===== Records to use

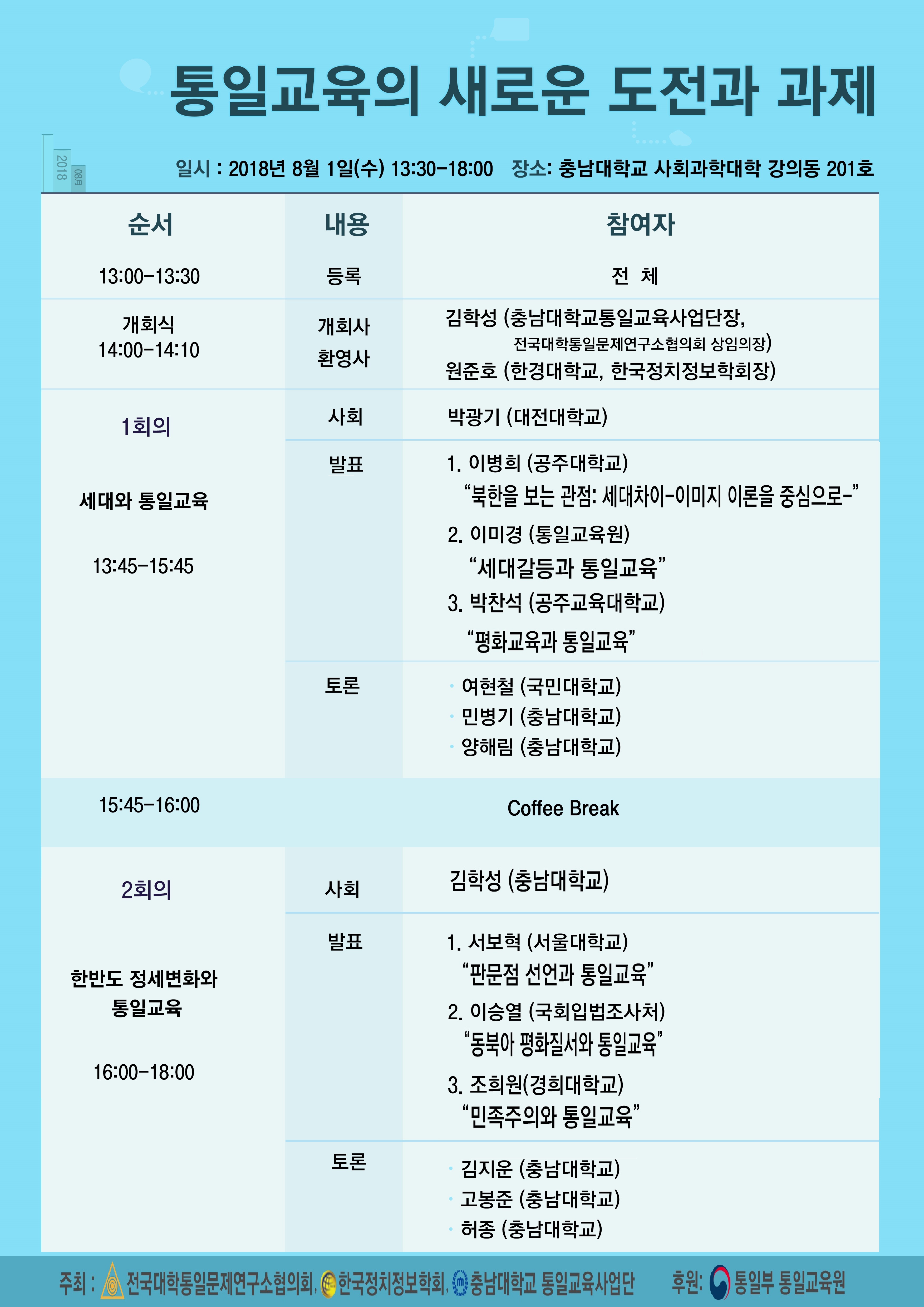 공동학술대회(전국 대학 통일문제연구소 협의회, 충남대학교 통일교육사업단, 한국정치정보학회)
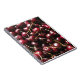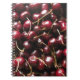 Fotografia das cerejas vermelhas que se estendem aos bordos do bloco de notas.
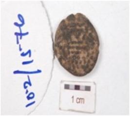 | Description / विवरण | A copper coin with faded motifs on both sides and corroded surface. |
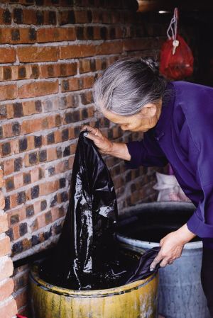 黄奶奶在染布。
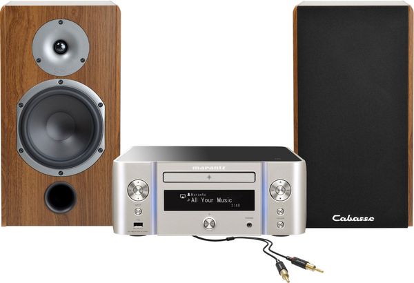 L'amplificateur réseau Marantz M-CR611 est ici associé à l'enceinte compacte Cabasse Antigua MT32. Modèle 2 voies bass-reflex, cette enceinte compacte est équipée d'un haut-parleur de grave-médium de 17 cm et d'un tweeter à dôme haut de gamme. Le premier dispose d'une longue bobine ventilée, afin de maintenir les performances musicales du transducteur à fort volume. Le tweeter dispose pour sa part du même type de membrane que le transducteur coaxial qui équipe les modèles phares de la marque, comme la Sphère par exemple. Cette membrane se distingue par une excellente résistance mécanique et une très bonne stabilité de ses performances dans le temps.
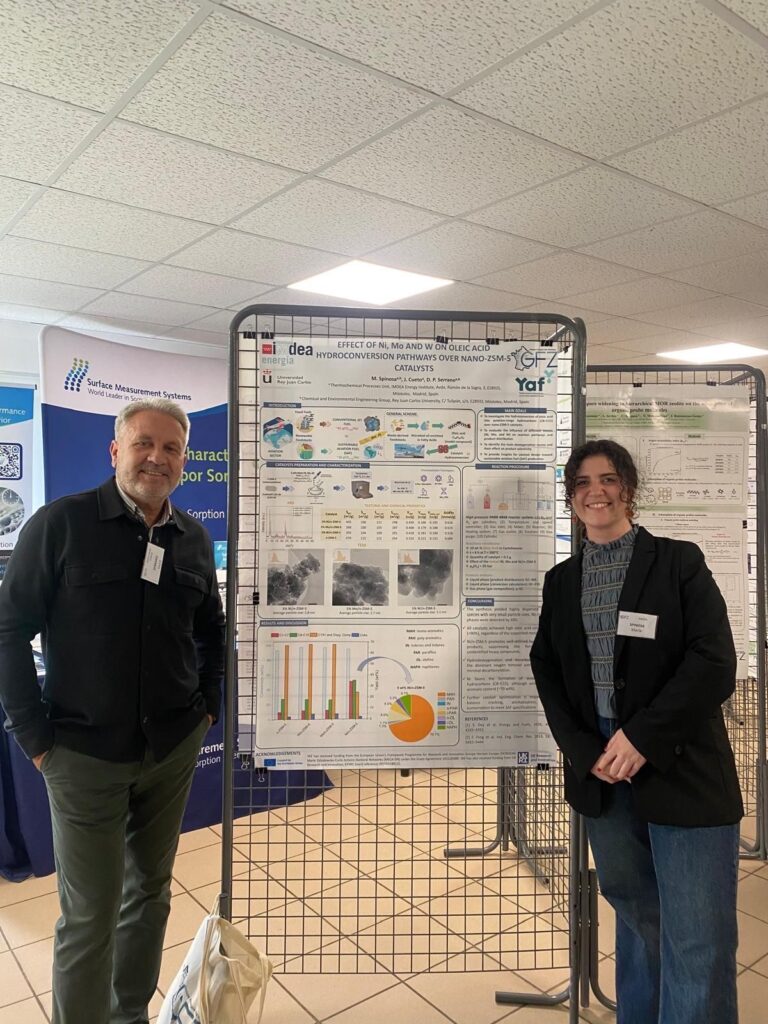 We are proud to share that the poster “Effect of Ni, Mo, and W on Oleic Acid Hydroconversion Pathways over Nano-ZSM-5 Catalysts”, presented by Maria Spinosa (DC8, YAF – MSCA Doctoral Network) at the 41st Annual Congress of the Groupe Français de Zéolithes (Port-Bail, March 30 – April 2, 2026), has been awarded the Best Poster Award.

==========

## Task details
The task requires the full listing to be given again verbatim, without its pictures.

## Answer below
 공동학술대회(전국 대학 통일문제연구소 협의회, 충남대학교 통일교육사업단, 한국정치정보학회)
 Fotografia das cerejas vermelhas que se estendem aos bordos do bloco de notas.
 | Description / विवरण | A copper coin with faded motifs on both sides and corroded surface. |
 黄奶奶在染布。
 L'amplificateur réseau Marantz M-CR611 est ici associé à l'enceinte compacte Cabasse Antigua MT32. Modèle 2 voies bass-reflex, cette enceinte compacte est équipée d'un haut-parleur de grave-médium de 17 cm et d'un tweeter à dôme haut de gamme. Le premier dispose d'une longue bobine ventilée, afin de maintenir les performances musicales du transducteur à fort volume. Le tweeter dispose pour sa part du même type de membrane que le transducteur coaxial qui équipe les modèles phares de la marque, comme la Sphère par exemple. Cette membrane se distingue par une excellente résistance mécanique et une très bonne stabilité de ses performances dans le temps.
 We are proud to share that the poster “Effect of Ni, Mo, and W on Oleic Acid Hydroconversion Pathways over Nano-ZSM-5 Catalysts”, presented by Maria Spinosa (DC8, YAF – MSCA Doctoral Network) at the 41st Annual Congress of the Groupe Français de Zéolithes (Port-Bail, March 30 – April 2, 2026), has been awarded the Best Poster Award.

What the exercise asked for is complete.